> [Exercise prompt]: For this exercise, copy exactly the lines below from the one with "AB i KR: Staramy" through the one with "VEVOR Kids Study" and leave out the pictures.

> [Data shown]:
################

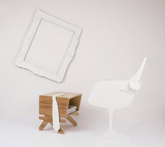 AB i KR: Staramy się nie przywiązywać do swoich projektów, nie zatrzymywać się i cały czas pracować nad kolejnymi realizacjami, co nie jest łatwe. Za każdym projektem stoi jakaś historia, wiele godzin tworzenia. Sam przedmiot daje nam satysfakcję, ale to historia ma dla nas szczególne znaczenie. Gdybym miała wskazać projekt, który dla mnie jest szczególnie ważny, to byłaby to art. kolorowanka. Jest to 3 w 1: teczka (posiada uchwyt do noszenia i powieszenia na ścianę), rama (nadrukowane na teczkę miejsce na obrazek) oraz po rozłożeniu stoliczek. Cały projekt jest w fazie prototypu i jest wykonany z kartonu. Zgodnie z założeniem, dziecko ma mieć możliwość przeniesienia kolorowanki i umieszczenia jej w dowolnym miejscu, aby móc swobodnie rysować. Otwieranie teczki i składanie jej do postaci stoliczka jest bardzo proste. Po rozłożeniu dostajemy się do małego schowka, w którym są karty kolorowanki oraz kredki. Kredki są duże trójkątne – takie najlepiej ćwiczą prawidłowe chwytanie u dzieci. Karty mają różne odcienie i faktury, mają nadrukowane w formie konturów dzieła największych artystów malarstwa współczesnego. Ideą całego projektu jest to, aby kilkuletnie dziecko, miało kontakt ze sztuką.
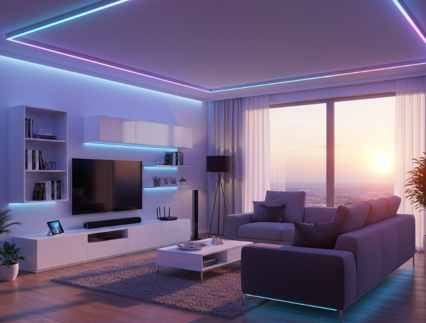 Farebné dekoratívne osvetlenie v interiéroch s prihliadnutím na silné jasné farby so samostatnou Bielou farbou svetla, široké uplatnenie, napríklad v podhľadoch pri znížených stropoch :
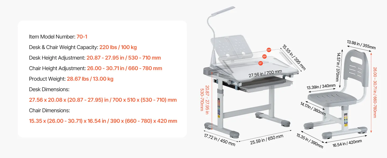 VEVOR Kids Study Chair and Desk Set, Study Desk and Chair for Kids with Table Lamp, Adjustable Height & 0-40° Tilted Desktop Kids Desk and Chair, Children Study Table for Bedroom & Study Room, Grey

################

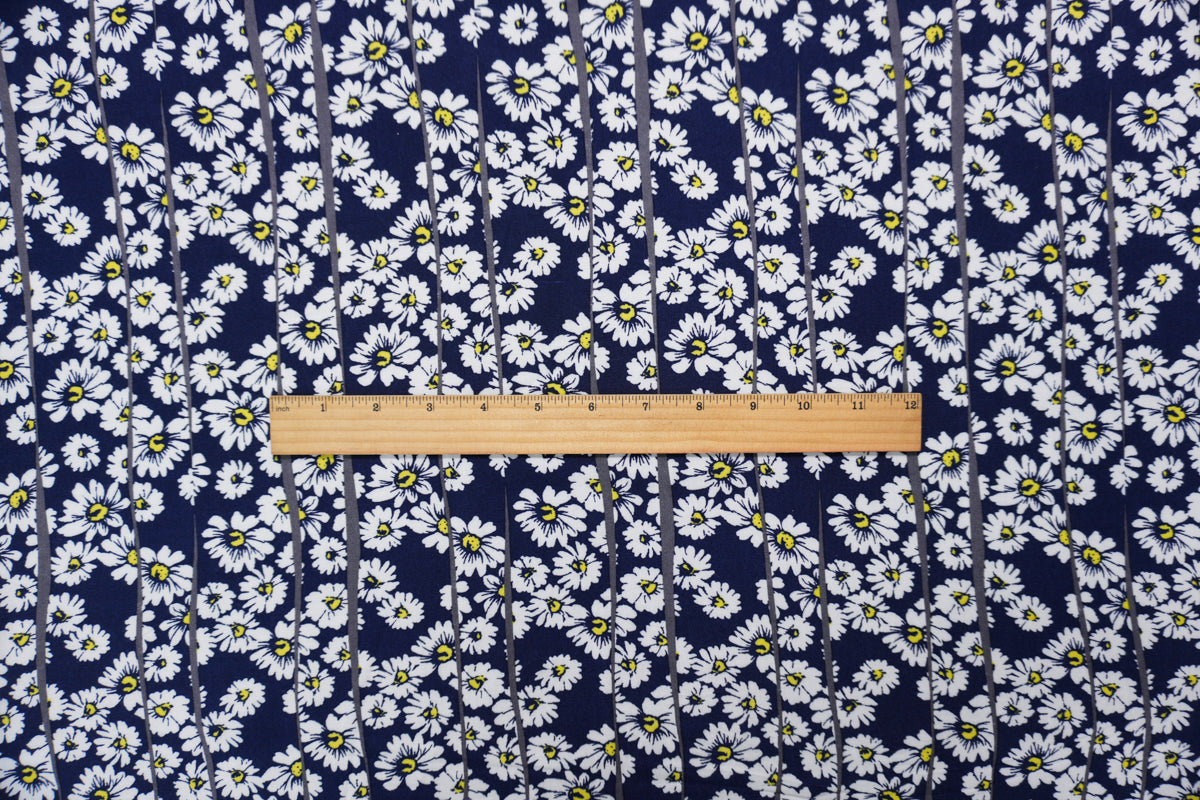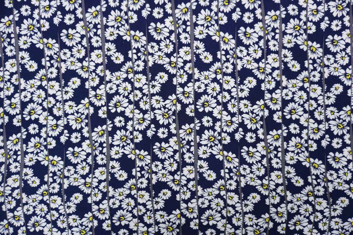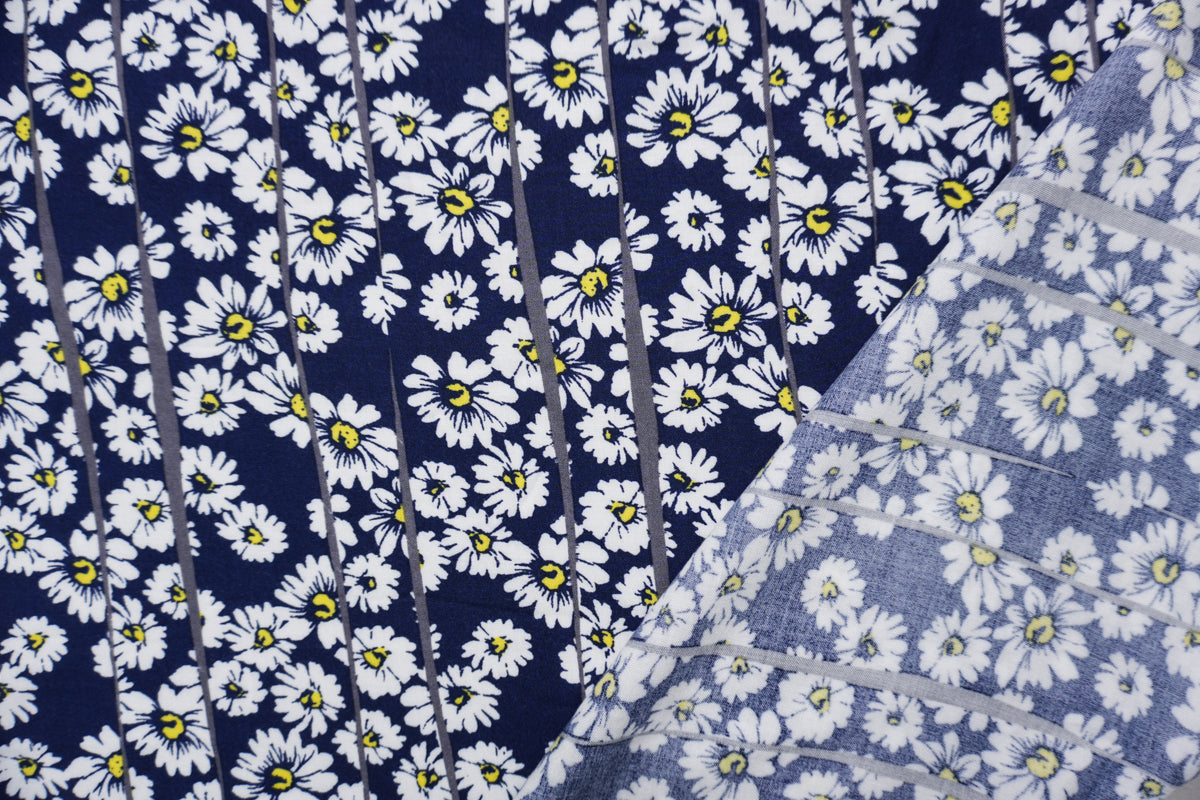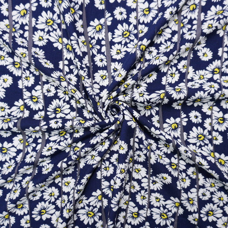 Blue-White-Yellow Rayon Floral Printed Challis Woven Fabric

################

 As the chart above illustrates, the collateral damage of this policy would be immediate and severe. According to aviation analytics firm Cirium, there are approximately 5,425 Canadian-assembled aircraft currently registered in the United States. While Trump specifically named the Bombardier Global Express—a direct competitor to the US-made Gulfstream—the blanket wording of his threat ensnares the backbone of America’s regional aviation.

################

> [Result below]:
 AB i KR: Staramy się nie przywiązywać do swoich projektów, nie zatrzymywać się i cały czas pracować nad kolejnymi realizacjami, co nie jest łatwe. Za każdym projektem stoi jakaś historia, wiele godzin tworzenia. Sam przedmiot daje nam satysfakcję, ale to historia ma dla nas szczególne znaczenie. Gdybym miała wskazać projekt, który dla mnie jest szczególnie ważny, to byłaby to art. kolorowanka. Jest to 3 w 1: teczka (posiada uchwyt do noszenia i powieszenia na ścianę), rama (nadrukowane na teczkę miejsce na obrazek) oraz po rozłożeniu stoliczek. Cały projekt jest w fazie prototypu i jest wykonany z kartonu. Zgodnie z założeniem, dziecko ma mieć możliwość przeniesienia kolorowanki i umieszczenia jej w dowolnym miejscu, aby móc swobodnie rysować. Otwieranie teczki i składanie jej do postaci stoliczka jest bardzo proste. Po rozłożeniu dostajemy się do małego schowka, w którym są karty kolorowanki oraz kredki. Kredki są duże trójkątne – takie najlepiej ćwiczą prawidłowe chwytanie u dzieci. Karty mają różne odcienie i faktury, mają nadrukowane w formie konturów dzieła największych artystów malarstwa współczesnego. Ideą całego projektu jest to, aby kilkuletnie dziecko, miało kontakt ze sztuką.
 Farebné dekoratívne osvetlenie v interiéroch s prihliadnutím na silné jasné farby so samostatnou Bielou farbou svetla, široké uplatnenie, napríklad v podhľadoch pri znížených stropoch :
 VEVOR Kids Study Chair and Desk Set, Study Desk and Chair for Kids with Table Lamp, Adjustable Height & 0-40° Tilted Desktop Kids Desk and Chair, Children Study Table for Bedroom & Study Room, Grey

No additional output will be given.